She had sopped the declivity dry with her shirt, and now she pulled it back on against the burning sun. The gravelly soil had swallowed the rain. There was nothing to do but squint against the glittering world. The cycle started once more. Within an hour her thirst, which, before the storm, had begun to dim, returned with ferocity. Her entire body, her fingernails, her inner ears, the ends of her greasy hair, screamed for water. She bored holes in the sky looking for more rain.

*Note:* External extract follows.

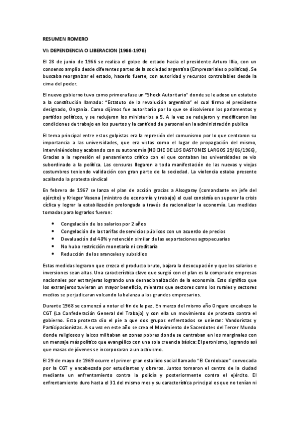 Resumen del primer capitulo obligatorio de Romero: Dependencia o dominacion. Completo

In the night lightning teased in the distance but no more rain fell. The top of the imprisoning rock became a radiant plain under a sliver of ancient moonlight.

By morning the temporary jolt of strength and clarity was gone. She felt as though electricity was shooting up through the rock and into her torso, needles and pins and the numbness that followed was almost welcome, although she dimly knew what it meant. Apparitions swarmed from the snowbanks above, fountains and dervishes, streaming spigots, a helicopter with a waterslide, a crowd of garishly dressed people reaching down, extending their hands to her. All day a desiccating hot wind blew and made her nearly blind. She could not close her eyes. The sun was horrible and her tongue hung in her mouth like a metal bell clapper, clacking against her teeth. Her hands and arms had changed to black and grey leather, a kind of lichen. Her ears swarmed with rattling and buzzing and her shirt seemed made of a stiff metal that chafed her lizard skin.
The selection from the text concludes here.